On its face, Moonstruck does not exactly feel like high art, but… maybe it is? I think it’s less about telling a specific story that needed to be told and more about illuminating a specific vein of human existence. That it sets that illumination in a very specific ethnic context likely both contributed to the movie’s popularity and lends itself to the feeling that the whole thing is somehow insubstantial. Its writer, John Patrick Shanley (not Italian) is a Pulitzer-winning playwright whose other works include Doubt and Joe Versus the Volcano. Its director, Norman Jewison (also not Italian), has had a long career over several decades, ranging from In the Heat of the Night to Jesus Christ Superstar to Rollerball to Agnes of God. Nor are Cher (birth name Cherilyn Sharkisian) or Olympia Dukakis Italian. On the one hand, Moonstruck’s Italian-ness, complete with repeated playings of “That’s Amore” on the soundtrack, feels incredibly mass produced. It’s less a New York movie than a Las Vegas “New York New York Hotel & Casino” movie. Yet its charms have endured, somehow.
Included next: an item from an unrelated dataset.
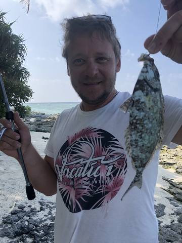 Этот source для меня важен тем, что он совсем не похож на короткую отпускную открытку с набором красивых названий. Здесь чувствуется живая длинная история, в которой автор буквально встраивает серьезную морскую рыбалку в семейный отдых на локальном мальдивском острове Fulhadhoo. Начинается все резко и по-северному контрастно. Еще 1 января 2020 года он с друзьями ловит окуня в Заболотье в ХМАО, домой возвращается только вечером 4 января, а уже 5 января в 19.30 летит с женой и сыном к Индийскому океану. Этот переход из зимней континентальной рыбалки в тропический океанский режим сам по себе задает тон всему отчету. Дальше важно и место действия. Это не частный резорт и не формат дорогой морской витрины, а локальный остров с обычной жизнью, местными законами и всеми сопутствующими ограничениями, включая сухой режим без алкоголя. Автор отдельно проговаривает разницу между локальными островами и резортами, объясняет, что гестхаусы на таких островах значительно доступнее по цене, и называет конкретный Three Hearts Guest House, где семья живет в трехместном номере с трехразовым питанием. Эта бытовая и логистическая часть не лишняя, потому что весь дальнейший рыболовный сюжет держится именно на том, что он не уехал на специализированную яхтенную программу, а пробует собрать настоящую рыбалку внутри нормального семейного отпуска. Прошлый год уже дал ему представление о местной воде, но тогда все сводилось к аборигенским рыбалкам-экскурсиям, где ловят руками на толстую леску и получают просто какой-то набор океанской рыбы. В этот раз цель совсем другая. Автор сознательно хочет уйти от формата экскурсии к нормальной спиннинговой ловле с прицелом на поппинг и джиггинг, причем троллинг он прямо не любит и поэтому не рассматривает как главный вариант. Под этот план он везет с собой три разных комплекта. Первый это Hearty Rise Jig Force II 842XH с тестом 20-100 граммов и усиленный Twin 4000 для поппинга. Второй это старый Salmo Taifun Boat длиной 2.4 метра с тестом 100-200 граммов вместе с карповой катушкой Wichwood 6500 под джиггинг. Третий это CD Rods Extrasence Nano 3-14 граммов с Biomaster 2500S для рокфишинга. Отдельно упоминается плетенка 4PE. Уже в этом куске source есть важное настроение. Человек не пишет, будто приехал готовым чемпионом, а наоборот честно показывает попытку собрать разумный универсальный набор под разные местные сценарии. Дальше будет видно, насколько океан быстро объяснит ему пределы такой подготовки. Первая же стыковка с реальностью случается в Мале. У автора всего 25 минут на покупку приманок, и продавец выдает ему два поппера по 150 миллиметров весом 54 грамма, два стикбейта длиной 135 миллиметров и весом 58 граммов и пару воблеров 150 размера с небольшим заглублением. То есть уже здесь чувствуется компромисс. Он покупает не то, что долго и вдумчиво выбирал, а то, что успел схватить в ограниченном окне. На остров семья добирается к 15.00, успевает поесть, выйти к морю и лечь спать. Но в 5 утра следующего дня автор уже на песчаной косе с Хартиком в руках. И вот этот первый выход, наверное, один из самых честных и полезных кусков всего отчета. На десятом забросе поппера следует жесткая поклевка, спиннинг в дугу, фрикцион визжит, и кто-то совершенно неостановимый просто идет по своим делам. Автор не может остановить рыбу, его 140 метров плетни тают на шпуле на глазах, он пробует притормаживать рукой и получает обрыв. Н

There is a scene in this movie where Loretta’s grandfather (Feodor Chaliapin, Jr.), who is never seen without his fleet of numerous dogs of all different sizes, exhorts his dogs to howl at the moon in Italian. They all stand on the Brooklyn waterfront and howl. The grandfather mostly speaks in Italian, but he is sort the heart of the movie. This is a movie with memorable lines, but it is built on emotion rather than story or logic. It is a rationalist’s nightmare, more like a painting. There’s a scene, as inessential to the story as the howling at the moon scene that it immediately follows, in which Loretta’s elderly uncle (Louis Guss) wakes up his wife (Julie Bovasso) and walks to the window, staring at the full moon in child-like wonder. “I wonder if Cosmo’s down there?” he asks, referring to Loretta’s father. “Why would he be down there?” his wife asks. “I don’t know,” the man replies defensively, as if this is a stupid question. She softens and says, “in that light, with that expression on your face, you look about twenty-five years old.” Moonstruck is a movie about love from the point of view of someone who usually feels tired and old, but when they look at their significant other, they feel young again. Happy’s Valentine’s Day.